Re: [HACKERS] How can I find a specific collation in pg_collationwhen using ICU?

Поиск
Список
Период
Сортировка
От Peter Geoghegan
Тема Re: [HACKERS] How can I find a specific collation in pg_collationwhen using ICU?
Дата
Msg-id CAH2-Wz=dRsf_qMpHJ5A7pndmpo1sP1MtzrsUpuuNaCCsecCopg@mail.gmail.com
обсуждение исходный текст
Ответ на Re: [HACKERS] How can I find a specific collation in pg_collationwhen using ICU?  ("Tsunakawa, Takayuki" <tsunakawa.takay@jp.fujitsu.com>)
Ответы Re: [HACKERS] How can I find a specific collation in pg_collation when using ICU?  (Tom Lane <tgl@sss.pgh.pa.us>)
Список pgsql-hackers
On Wed, Aug 9, 2017 at 6:19 PM, Tsunakawa, Takayuki
<tsunakawa.takay@jp.fujitsu.com> wrote:
> From: pgsql-hackers-owner@postgresql.org
>> [mailto:pgsql-hackers-owner@postgresql.org] On Behalf Of Peter Eisentraut
>> There are no case-insensitive collations in PostgreSQL (yet).
>
> That's sad news, as I expected ICU to bring its various collation features to PostgreSQL.  I hope it will be easy to
addthem.
 

The reason it is not easy is that text equality is based on strict
binary equality. We would have to teach hash operator classes about
collations to fix this, and make text_eq() hash strxfrm() or
something. That requires special work. You can ask ICU for case
insensitivity with Postgres 10, but the strcmp() tie breaker within
varstr_cmp() will prevent it from being truly case insensitive.

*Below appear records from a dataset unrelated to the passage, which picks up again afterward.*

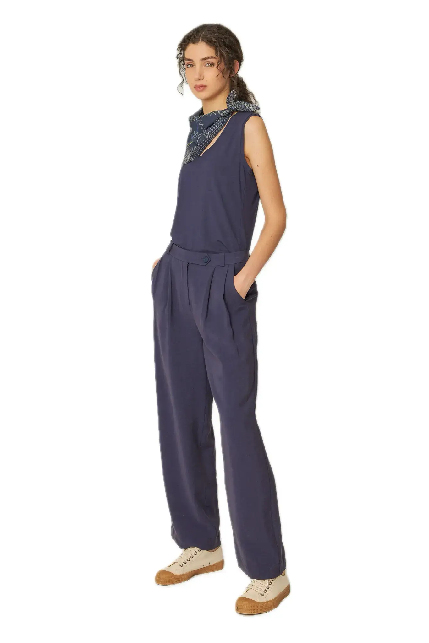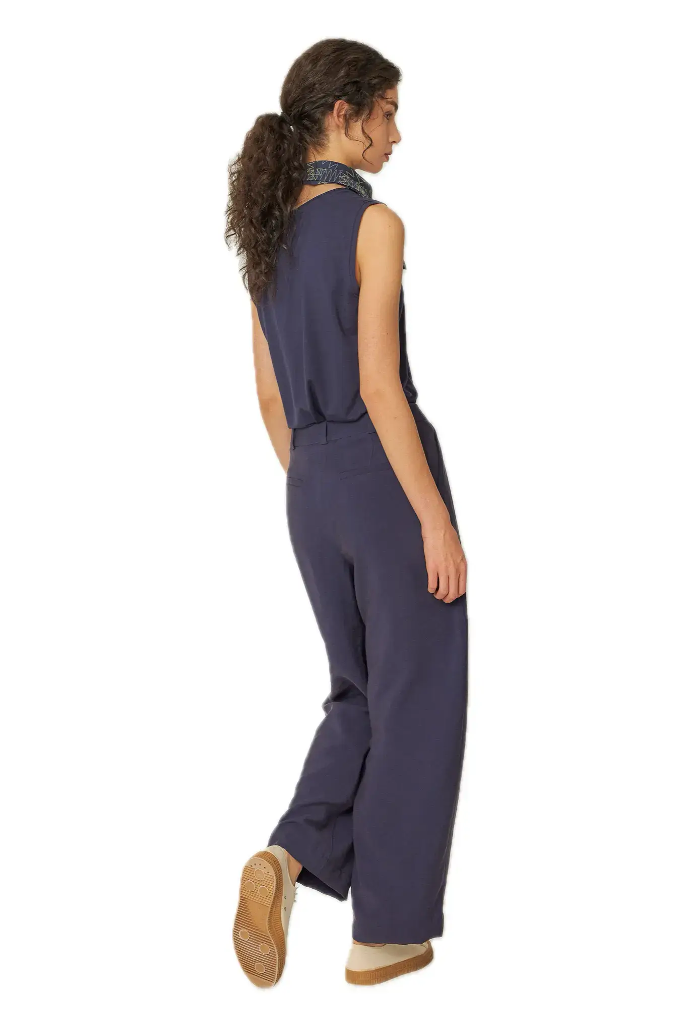 Que ce soit au bureau ou pour des looks décontractés élégants, ce pantalon vegan pour femme en violet marine peut être combiné de nombreuses façons. Le tissu de haute qualité et la fermeture à glissière avec bouton garantissent un ajustement parfait. Un incontournable pour les femmes soucieuses de leur style et qui apprécient la mode équitable.
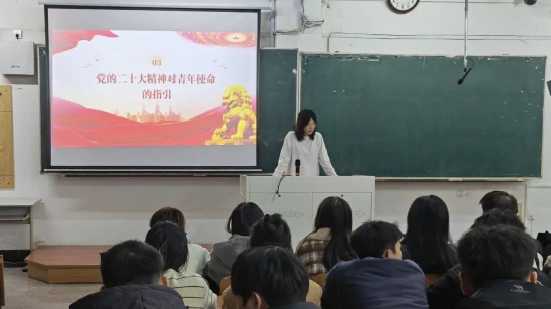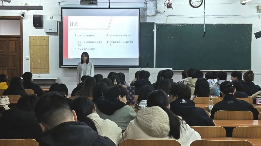 团课上,丁一卓以近期社会热点为切入点,带领同学们深入学习党的二十大报告。她从“青年群体在科技创新前沿的突破”“乡村振兴中大学生村官的担当”“基层治理中青年志愿者的奉献”等案例出发,结合报告中“全党要把青年工作作为战略性工作来抓”的论述,生动展现了新时代十年间青年群体在国家发展中的重要作用。她特别解读了报告中“广大青年要立志做有理想、敢担当、能吃苦、肯奋斗的新时代好青年”的核心要求,让同学们对自身的时代使命有了更为清晰、深刻的认识,筑牢了后续学习交流的思想根基。
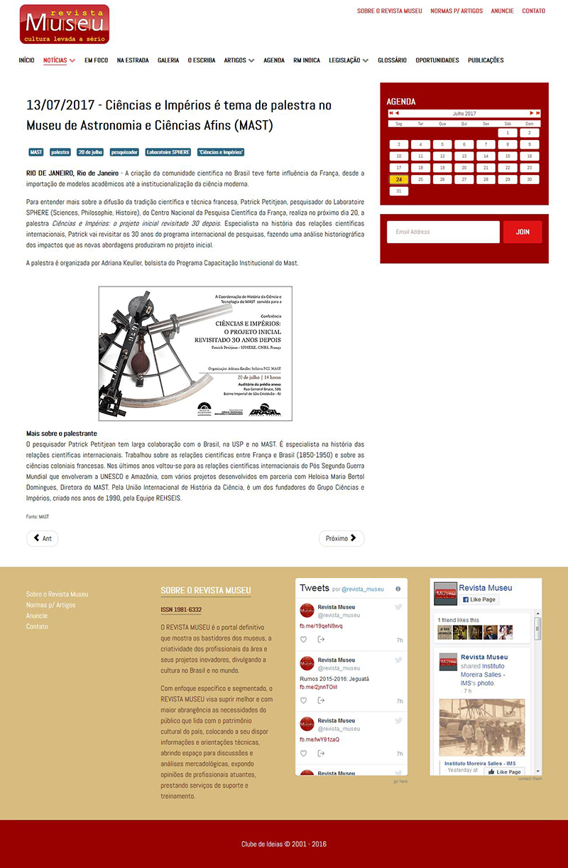 Revista Museu | Ciências e Impérios é tema de palestra no Museu de Astronomia e Ciências Afins (MAST)

>> The best explanation of the difference that I can understand is here, under
>> "Why do CJK strings sort incorrectly in Unicode?":
>>
>> https://dev.mysql.com/doc/refman/5.5/en/faqs-cjk.html
>
> Thanks a lot.  MysQL seems to have many collations, doesn't it?

Well, it depends on how you define collation, which actually gets
quite complicated with ICU. You can combine certain options together
with great flexibility, it seems (see my e-mail from earlier today --
"What users can do with custom ICU collations in Postgres 10"). Let's
assume that there are 10 distinct options for each locale that each
independently affect sort order for the base collation of the locale.
I believe that there are at least 10 such options that change things,
and maybe a lot more. Theoretically, this means that there are an
absolutely enormous number of possible collations with ICU.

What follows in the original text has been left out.